Так, потеряв примерно десяток реактивных «орлов» и «соколов» соседи вынуждены были сдать назад. И уж тем более отказаться от прежних, амбициозных планов с вводом ограниченного контингента международных сил. О последнем, кстати, мечтали тогда, и поныне продолжают мечтать даже с этой стороны границы. На том основании, что у них-де там дороги хорошие.

Не успела высохнуть кровь, пролитая фундаменталистами, как, просочившись через толком не прикрытые границы, по стране потек уже гной. Торговцы наркотиками, похитители людей, банды наемников. Вот тогда-то возникла нужда в профессионалах особого рода — таких как Радван Негляд. Декрет Временного Совета «о защите государства внеправовыми методами» дозволял им многое. В том числе давить очередную человекоподобную гадину на месте — отказывая оной в роскоши вроде следствия, суда и адвоката.

За этим Радван и шел теперь к развалинам санатория Министерства культуры. Давить, в очередной раз давить — сперва вооружившись до зубов.

От некогда трех этажей здания целым остался лишь первый из них… ну и еще изломанный остов второго. Зато кованая ограда почти не пострадала, разве только успела зарасти чем-то вьющимся, вроде лиан. У пустого проема на месте ворот обнаружился и часовой — вроде безоружный, однако ошибка в данном случае могла обойтись Радвану слишком дорого. Потому и предпочел охотник перестраховаться, заранее сняв эльфа очередью из автомата.

На человеке, как впрочем, и любом другом живом существе родом из этого мира такое количество пуль не оставило бы живого места. А эльф — ничего: уцелел, только что на ногах устоять не смог. Зато успел выпустить в полет что-то небольшое, круглое и мерцающее; зависнув прямо над Радваном, оно сверкнуло и шевельнулось точно какой-то фантасмагорический глаз.

Часового Радван добил выстрелом из пистолета — в упор, прямо в лицо; убедившись, что у эльфов голова не менее уязвима, чем у людей. И кровь обычная, красная.

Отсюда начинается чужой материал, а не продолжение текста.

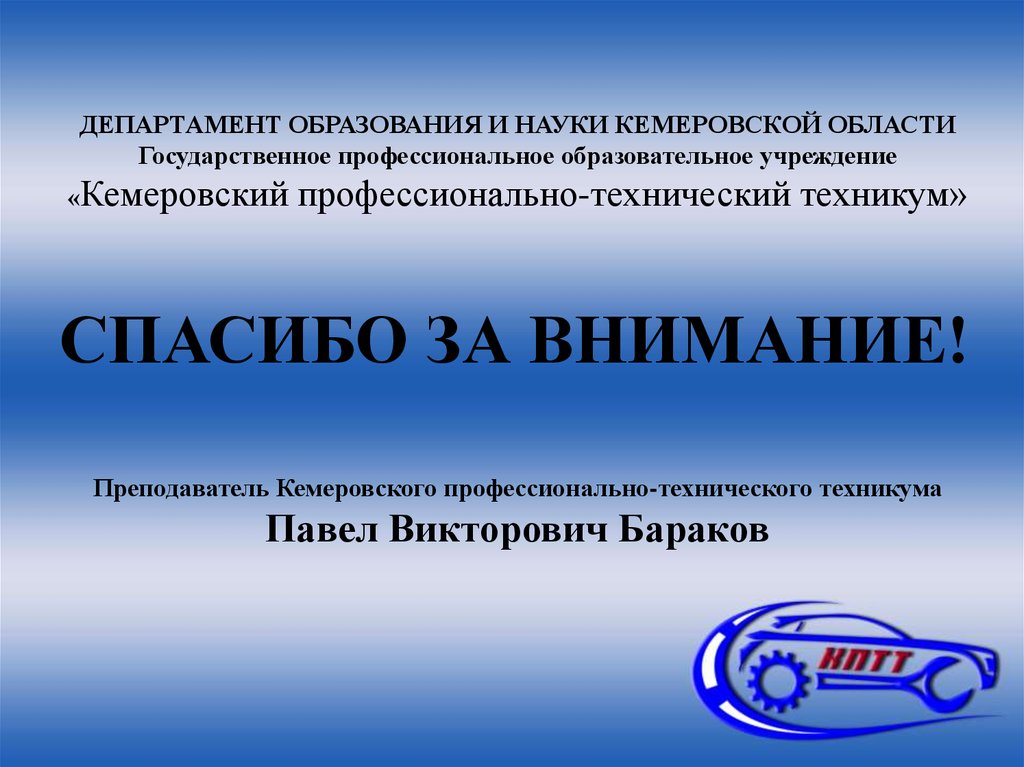 ДЕПАРТАМЕНТ ОБРАЗОВАНИЯ И НАУКИ КЕМЕРОВСКОЙ ОБЛАСТИГосударственное профессиональное образовательное учреждение

А вот избавиться от «летающего глаза» охотнику не удалось: дернувшись резко, но сильно не отдаляясь, тот благополучно увернулся от выстрела. Единственного; другого в его сторону и не последовало. Как ни сетовал Радван на потерю внезапности, а пустой тратой времени и патронов свое положение он мог только усугубить.

Исправить его можно было единственным способом: поскорей пробраться к входу. Ибо внутри здания, в узких коридорах и тесных помещениях, у Радвану было куда больше шансов против численно превосходящего противника, чем на открытой местности.

Помеха обнаружилась там, где ее менее всего стоило ждать. Радван едва успел пройти через проем ворот, когда в его сторону потянулись опутавшие ограду лианы — многочисленные… и оказавшиеся довольно крепкими. Ни дать ни взять щупальца фантастического чудовища. Достав нож, охотник принялся в отчаянии отсекать и обрывать зеленые путы.

К концу схватки и нож, и одежда Радвана были основательно перепачканы в травяном соке. Сам охотник успел пожалеть, что не прихватил на операцию огнемет: уж с ним бы атаку воинственных растений удалось отбить намного быстрей.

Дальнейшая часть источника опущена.